Хобсбом считает (отметим этот взгляд!), что экономическая история XIX в. наглядно показывает невозможность измерить неблагоприятную экономическую конъюнктуру при помощи одних лишь цифровых данных о торговле и производстве. Поэтому он стремится привлечь и другие материалы. Он отмечает, что даже для стран, не задетых в XVII в. экономическим упадком, тоже имеются данные о длительном неблагополучии в той или иной отрасли внешней торговли. Поэтому можно считать бесспорным, что европейская экспансия вступила в то время в период кризиса. В основном базис баснословной колониальной системы XVIII в. был заложен не ранее середины XVII в.; до того влияние европейцев в заморских странах по сравнению с XVI в. несколько ослабло. Сократились и изменили свой характер испанская и португальская колониальные империи. Примечательно, что и голландцы не сумели удержать своих завоеваний, сделанных в 1600–1640 гг.; их империя тоже уменьшилась в последующие годы, а Вест-Индская компания была даже ликвидирована в начале 1670-х годов.

Общеизвестно, что XVII век был эпохой социальных движений в Западной и Восточной Европе. Некоторые историки усмотрели в этом даже нечто вроде общего революционного кризиса (пришедшегося на середину XVII в.), обобщив такие события, как Фронда, восстания против испанской империи в Каталонии, Португалии и Неаполе, крестьянская война в Швейцарии 1653 г., английская революция, многочисленные крестьянские восстания во Франции, национально-освободительная война на Украине в 1648–1654 гг. и далее — восстание куруцев в Венгрии, восстание Степана Разина 1672 г., крестьянское восстание в Чехии в 1680 г., восстания в Ирландии в 1641 и 1689 гг. и т. д. и т. п. Однако европейские страны (кроме Голландии и Англии с их буржуазным строем) нашли устойчивую государственную форму — абсолютизм.[41] Впервые большие государства смогли разрешить три главные задачи: распространить свою реальную власть на большую территорию, иметь достаточно средств для крупных платежей и содержать большие армии. Хотя правительствам еще приходилось практиковать продажность должностей и пользоваться услугами откупщиков, однако деятельность финансистов подвергалась контролю и зависимость от них государства отошла в прошлое. Автор полагает, что даже частичное принятие его аргументов означало бы согласие с его мнением о наличии общего кризиса в XVII в. При этом он сразу же делает существенную оговорку, что страны, пережившие буржуазную революцию (т. е. Голландия и Англия), были им задеты лишь частично. Начало кризиса он относит примерно к 1620 г., апогей — к 1640–1670 гг. Тенденция к улучшению наметилась в 1680 г., но реализовалась лишь к 1720 г.

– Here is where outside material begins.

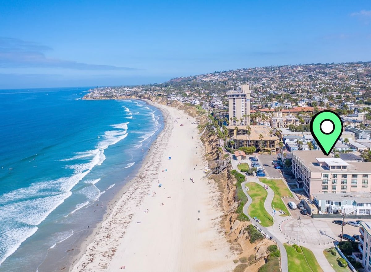 This luxury condo across the beach offers a large ocean view balcony-deck w/private BBQ + access to a shared common oasis area for all our guests with a Hot Tub, Fire Pit, Outdoor Shower and more to relax after a day at the beach. Remodeled Building Pet friendly, 4 min. walk to famous dog beach! 🐶 Central A/C, Master Suite has a king bed and the other two Ocean View Queen Bedrooms! Full kitchen, in-unit laundry, 2 Parking Spaces, Driveway right by your unit 🚘 🚘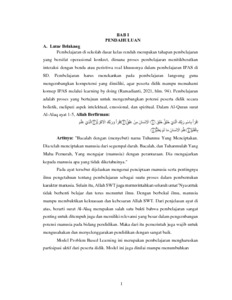 Penelitian ini dilatarbelakangi oleh rendahnya hasil belajar IPAS peserta didik kelas V di SDN 029 Cilengkrang Kota Bandung yang berada di bawah KKTP sebesar 70, karena proses pembelajaran cenderung berpusat pada guru dan minimnya penggunaan media pembelajaran. Penelitian ini bertujuan untuk mengetahui pengaruh model Problem Based Learning (PBL) berbantuan media Wordwall terhadap hasil belajar IPAS. Metode yang digunakan adalah quasi eksperimen dengan desain nonequivalent control group. Sampel penelitian terdiri atas 27 orang peserta didik di kelas eksperimen dan 27 orang peserta didik di kelas kontrol. Data dikumpulkan melalui tes hasil belajar (pretest dan posttest) yang dianalisis menggunakan uji normalitas, uji homogenitas, ujit dan uji effect size. Hasil penelitian menunjukkan uji-t untuk nilai rata-rata pretest di kedua kelas sebesar 0,148 berdasarkan nilai sig > 0,05 maka Ho diterima dan Ha ditolak yang artinya tidak terdapat pengaruh model PBL berbantuan media Wordwall terhadap hasil belajar IPAS kelas V di SDN 029 Cilengkrang Kota Bandung. Sedangkan untuk hasil uji-t pada nilai rata-rata posttest dikedua kelas sebesar 0,000 berdasarkan nilai sig < 0,05 maka Ha diterima dan Ho ditolak yang berati terdapat pengaruh yang signifikan model PBL berbantuan media Wordwall terhadap hasil belajar IPAS kelas V di SDN 029 Cilengkrang Kota Bandung. Untuk uji effect size menghasilkan 1,796 yang memiliki effect yang besar. Hasil lembar observasi aktivitas peserta didik menunjukkan persentase sebesar 79,5% pada kelas eksperimen dan 73% pada kelas kontrol yang berarti hasil tersebut memiliki kategori cukup baik. Berdasarkan hasil penelitian tersebut, maka dapat disimpulkan bahwa pengaruh model PBL berbantuan Wordwall terhadap hasil belajar IPAS Kelas V SDN 029 Cilengkrang Kota Bandung memiliki pengaruh yang besar. Kata kunci: Problem Based Learning, Wordwall, Hasil belajar, IPAS, SD.

Прежде чем перейти к следующему разделу статьи, посвященному причинам кризиса, выскажем свои соображения по поводу того, доказано ли Хобсбомом — полностью или частично — само наличие кризиса, причем не будем пока выходить за пределы того круга проблем и аргументов, который очерчен самим автором.

Наиболее интересен, с нашей точки зрения, главный тезис Хобсбома об общеевропейском балансе стран в экономическом отношении. На одной чаше весов он помещает вместе с только что пережившей буржуазную революцию Англией капиталистическую Голландию, а также Швецию, крепостническую Россию и маловыразительную с точки зрения экономики Швейцарию. На другой чаше — деиндустриализованные средиземноморские и центральноевропейские страны. Франция не попадает ни в ту, ни в другую группу и занимает промежуточное между ними положение. Таким образом, Хобсбом в сущности имеет в виду не кризис капитализма в тех или иных странах (подобно Мунье), а кризис экономики вообще, безотносительно от того, приобрела ли она капиталистический характер или нет. В соответствии с этим для него иначе ставится и проблема преодоления кризиса, ибо опять-таки дело касается устранения препятствий для развития капитализма во всей Европе. По его мнению, чаша со странами, пораженными кризисом в середине XVII в., временно перетягивает другую чашу весов, и общеевропейский баланс оказывается для континента неблагоприятным. Этому взгляду, базирующемуся на признании тесной взаимосвязи в развитии европейских стран, нельзя отказать ни в широте, ни в оригинальности. Он может открыть плодотворные перспективы для разработки всеевропейской экономики в XVII в. Тем более интересно рассмотреть поддерживающий его базис.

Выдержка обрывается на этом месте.